- Cover of Sud
- Directed by: Gabriele Salvatores
- Written by: Franco Bernini Angelo Pasquini Gabriele Salvatores
- Produced by: Marco Mandelli
- Starring: Silvio Orlando
- Cinematography: Italo Petriccione
- Edited by: Massimo Fiocchi
- Distributed by: Variety Distribution
- Release date: 1993;
- Running time: 86 minutes
- Country: Italy
- Language: Italian
- Box office: $3 million (Italy)

= Sud (1993 film) =

Italian drama film

Sud, also known as South, is a 1993 Italian drama film directed by Gabriele Salvatores.

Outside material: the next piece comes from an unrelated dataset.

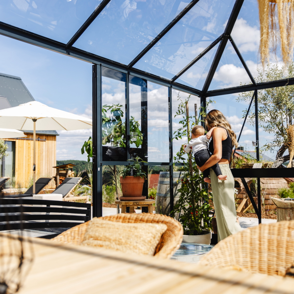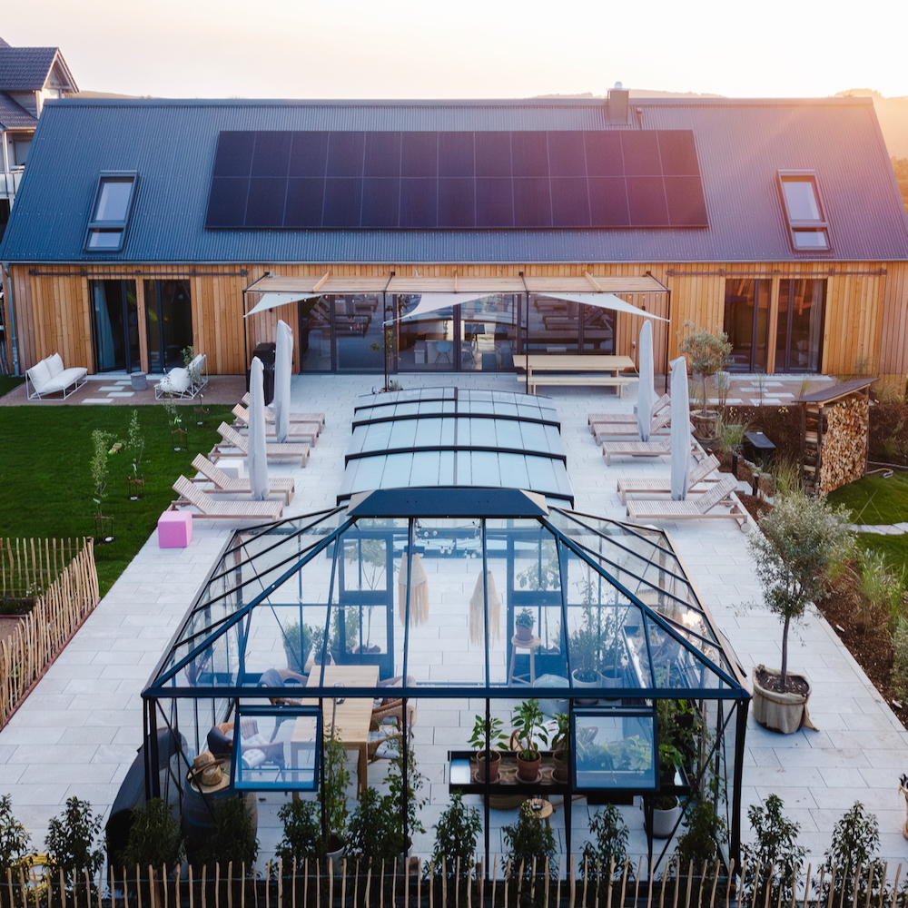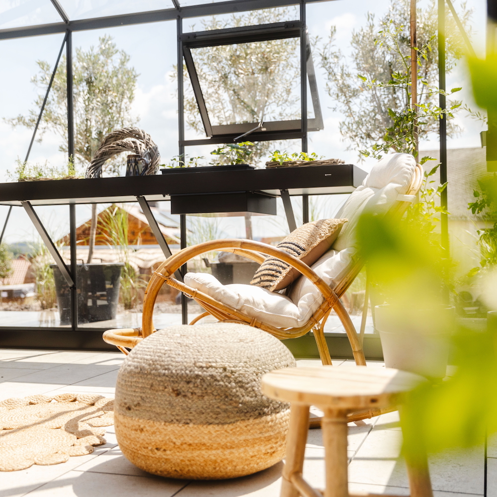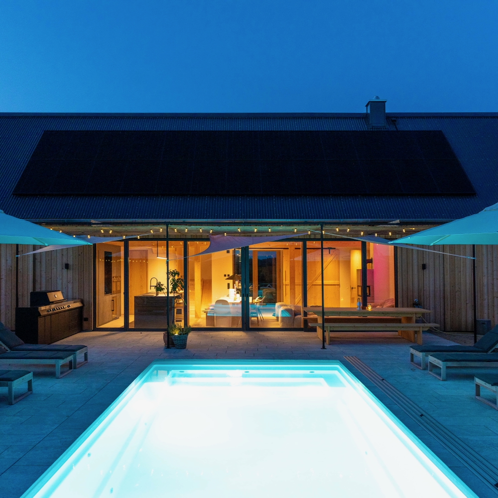 Im Farmhaus wohnst und schläfst du großzügig: Es ist geräumig, komfortabel und gut eingerichtet. Die sechs modularen Schlafzimmer können flexibel eingerichtet werden und bieten Platz für bis zu 14 Gäste. Ein Schlafzimmer mit Bad ist rollstuhlgerecht; ein großer Teil des Erdgeschosses und des Gartens sind ebenfalls barrierefrei. Die Schlafzimmer und drei Bäder umgeben einen offenen Wohnbereich mit Küche und langem Esstisch. Die hotelgerechte Küche (Dampfgarer, großer Kühlschrank, Weinkühler und umfangreiche Ausstattung) macht das gemeinsame Kochen zu einem Fest. Fußbodenheizung und Klimaanlage runden die Ausstattung ab. Im Inneren gibt es auch ein privates Kino (große Leinwand, guter Sound) und einen Mehrzweckraum für Yoga, Workout oder zum Arbeiten. Du kommst mit Kindern nach Das Farmhaus? Es gibt Kinderbetten, Babybetten, Hochstühle, Treppengitter und viele Spielsachen für Groß und Klein. Es wurde wirklich an alles gedacht. Bis hin zu einer Indoor Rutsche, einer Kletterwand und Spielgeräten im Garten. Draußen findest du eine Außenküche mit großem Grill, Lounge-Ecken, und ein Gewächshaus mit Sitzgelegenheiten inmitten von Kräutern und Gemüse. Du hast deine eigene Sauna (IgluCraft, mit Ruhebereich und Dusche), einen Whirlpool, einen (überdachten) Swimmingpool mit Liegestühlen, Sonnenschirmen und eine Feuerstelle für lange Abende. Kannst du dir vorstellen, es zu genießen?

The movie won the Best Score award and was nominated for Best Original Story at the 1994 Nastro d'Argento ceremony. It also won the Best Sound award and was nominated for Best Score at the 1994 David di Donatello. For his performance, Silvio Orlando was nominated for the 1994 David di Donatello for Best Actor.

==Plot==
During a warm springy Sunday afternoon in a small town of South Italy, the opening of the polling station is disrupted by three Italians and one Eritrean, who are unemployed, angry and armed. They threaten to occupy the polling station. They start to negotiate with the police, but eventually the four men are forced to leave.

==Cast==
- Silvio Orlando: Ciro
- Gigio Alberti: Gianni
- Claudio Bisio: Giacomo Fiori
- Renato Carpentieri: Cannavacciuolo
- Antonio Catania: Elia
- Marco Manchisi: Michele
- Ighèzu Mussiè: Munir
- Francesca Neri: Lucia
- Antonio Petrocelli: Colonel
==Reception==
The film performed well in the run up to Christmas grossing over $3 million in Italy.